All lines at and after the one containing "- TRY ALL OUR", up to the end of the listing below, are to be printed exactly, with the pictures omitted.
========
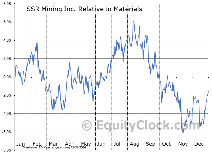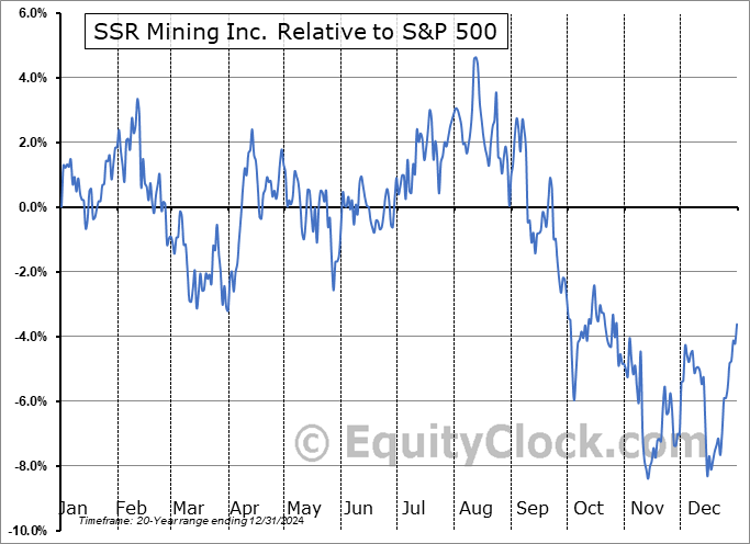 Analysis of the SSR Mining Inc. (NASD:SSRM) seasonal charts above shows that a Buy Date of December 15 and a Sell Date of March 4 has resulted in a geometric average return of 0.46% above the benchmark rate of the S&P 500 Total Return Index over the past 20 years. This seasonal timeframe has shown positive results compared to the benchmark in 15 of those periods. This is a good rate of success and the return strongly outperforms the relative buy-and-hold performance of the stock over the past 20 years by an average of 11.6% per year.
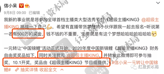 2020年9月,信小呆在微博宣布,要1元转让“支付宝锦鲤”身份,得到身份的人将会获得“财务自由奖”。第一名有500万奖金,该奖品由一档主播类大型选秀节目《超级主播KING》提供。
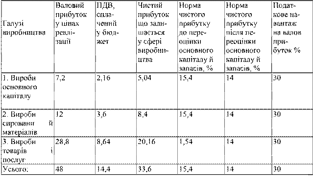 Якщо сукупний податок на фонд заробітної плати становить 30 %, то підприємство повинне заплатити в бюджет і різні централізовані фонди ще 30 млн грн. Однак підприємство має у своєму розпорядженні прибуток у розмірі всього 20 млн грн., у той час як до сплати ПДВ воно мало 20 + 28 = 48 млн грн. валового прибутку, а фактична рентабельність продажів становила в цінах реалізації 48/216 • 100 % = 22,2 %.
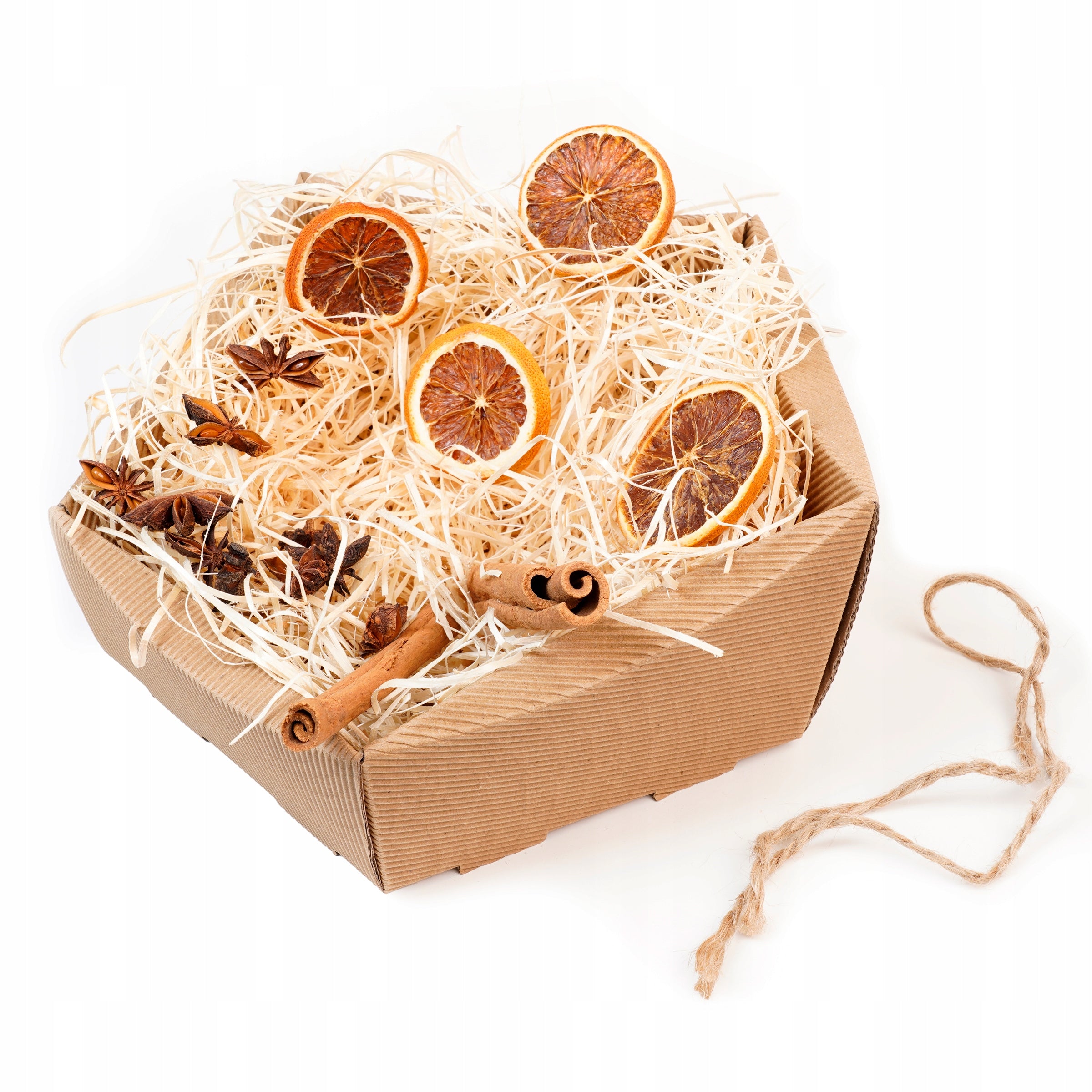 • Zawartość zestawu: plastry pomarańczy (ok. 15 g), laseczki cynamonu (ok. 20 g), gwiazdki anyżu (ok. 15 g), sianko dekoracyjne, pudełko
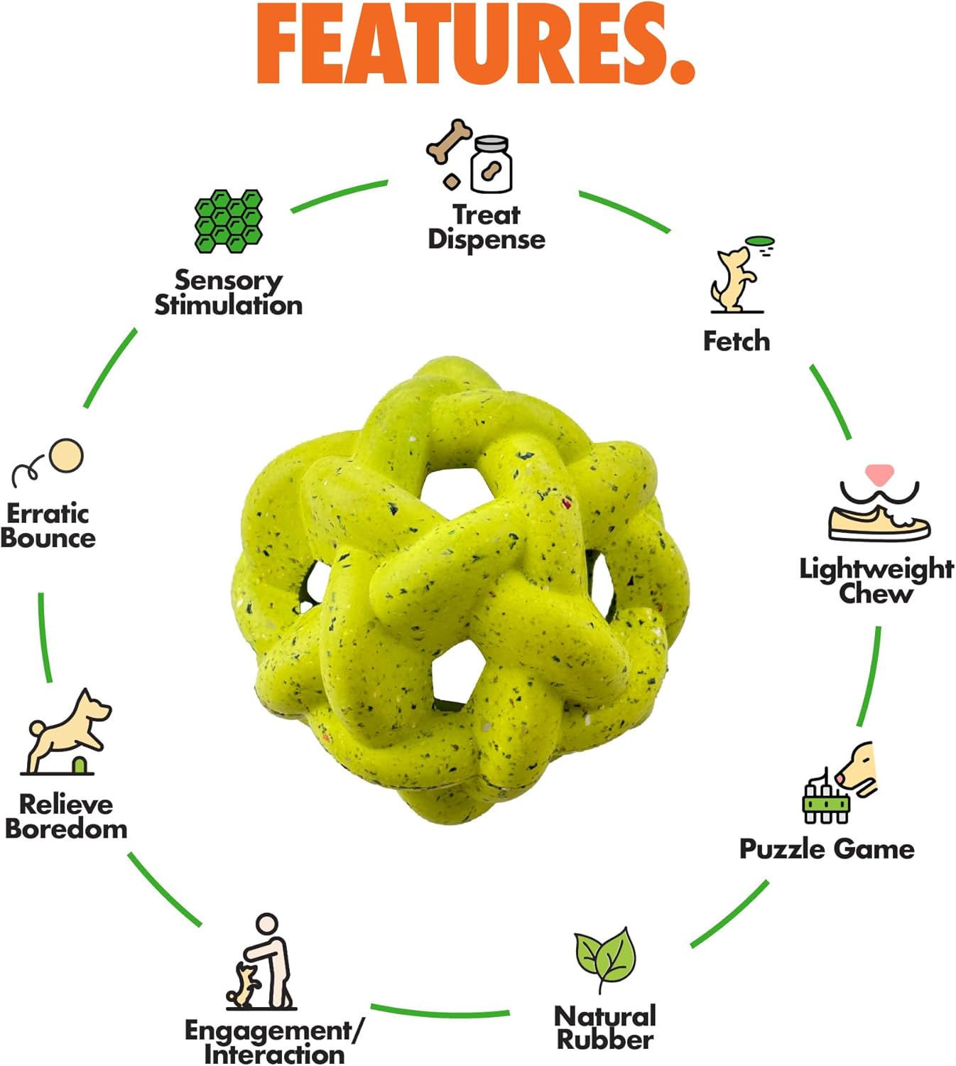 - TRY ALL OUR DOG TOYS: Expand your pup’s toy collection with our full lineup of engaging dog toys! In addition to this dog treat dispenser toy, we offer a variety of fun options, including dumbells, tug of war ropes, dog treat dispensers, balls, bones, and donuts. Each toy is designed for different types of play, helping to keep your dog entertained with new and exciting challenges.
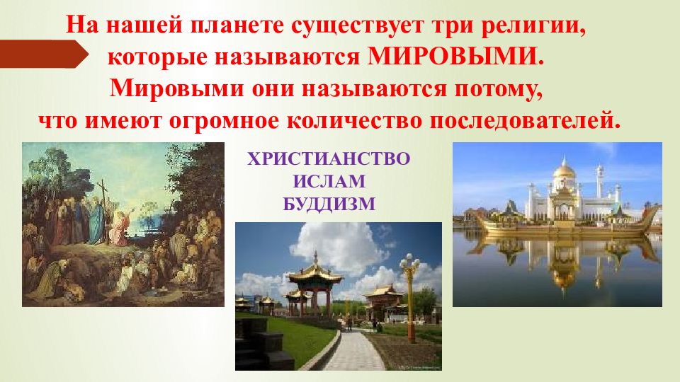 На нашей планете существует три религии, которые называются МИРОВЫМИ. Мировыми они называются потому, что имеют огромное количество последователей. ХРИСТИАНСТВО ИСЛАМ БУДДИЗМ
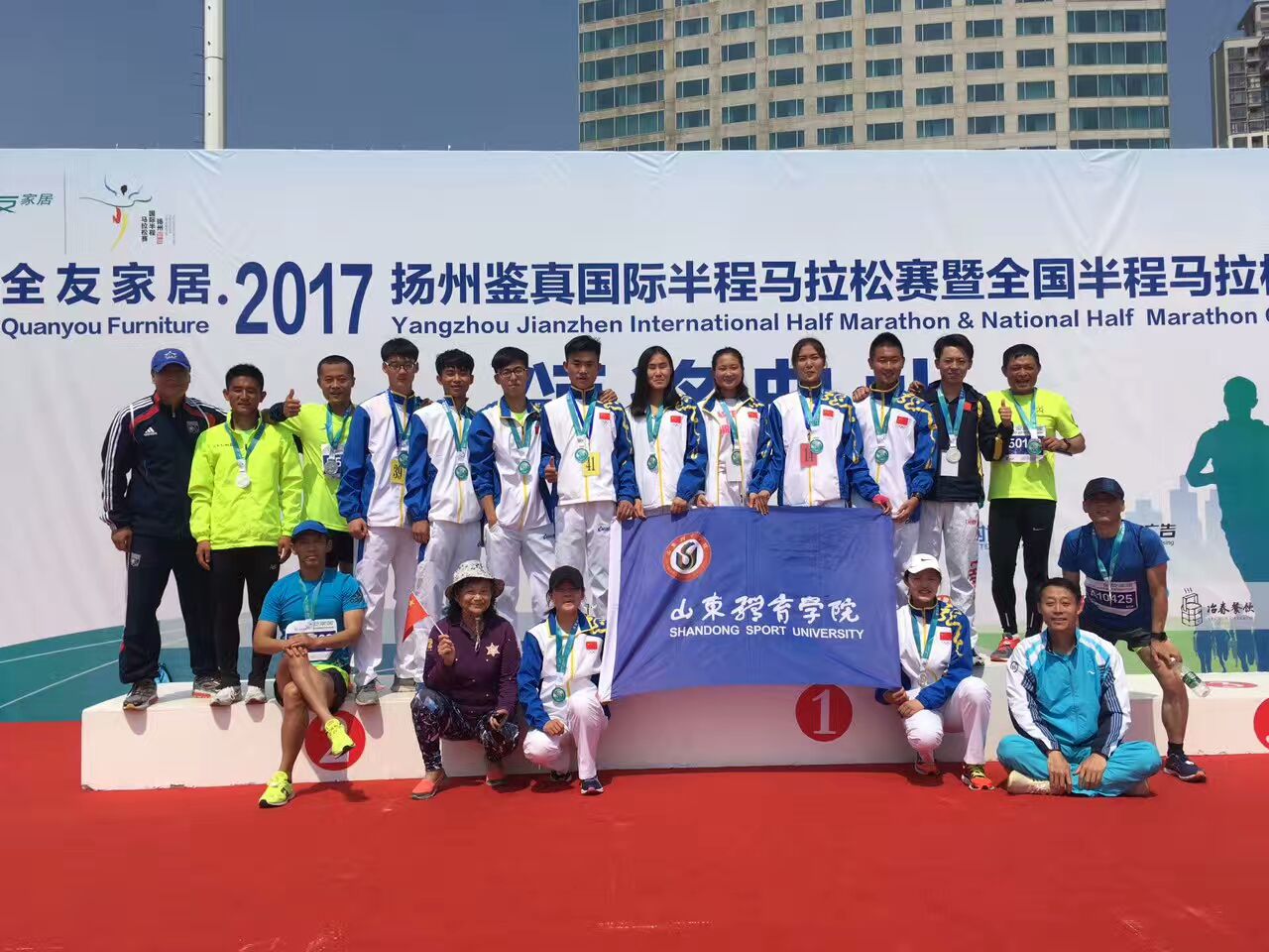 2017中国扬州鉴真国际半程马拉松赛于4月23日8时鸣枪起跑。我校代表队在高校团体组半程马拉松赛项目(21.0975公里)的比赛中努力争先、奋力拼搏,最终取得了全国高校女子团体第一名(包揽国内前三名),男子团体第三名的优异成绩。
========
TASK RESULT =
 - TRY ALL OUR DOG TOYS: Expand your pup’s toy collection with our full lineup of engaging dog toys! In addition to this dog treat dispenser toy, we offer a variety of fun options, including dumbells, tug of war ropes, dog treat dispensers, balls, bones, and donuts. Each toy is designed for different types of play, helping to keep your dog entertained with new and exciting challenges.
 На нашей планете существует три религии, которые называются МИРОВЫМИ. Мировыми они называются потому, что имеют огромное количество последователей. ХРИСТИАНСТВО ИСЛАМ БУДДИЗМ
 2017中国扬州鉴真国际半程马拉松赛于4月23日8时鸣枪起跑。我校代表队在高校团体组半程马拉松赛项目(21.0975公里)的比赛中努力争先、奋力拼搏,最终取得了全国高校女子团体第一名(包揽国内前三名),男子团体第三名的优异成绩。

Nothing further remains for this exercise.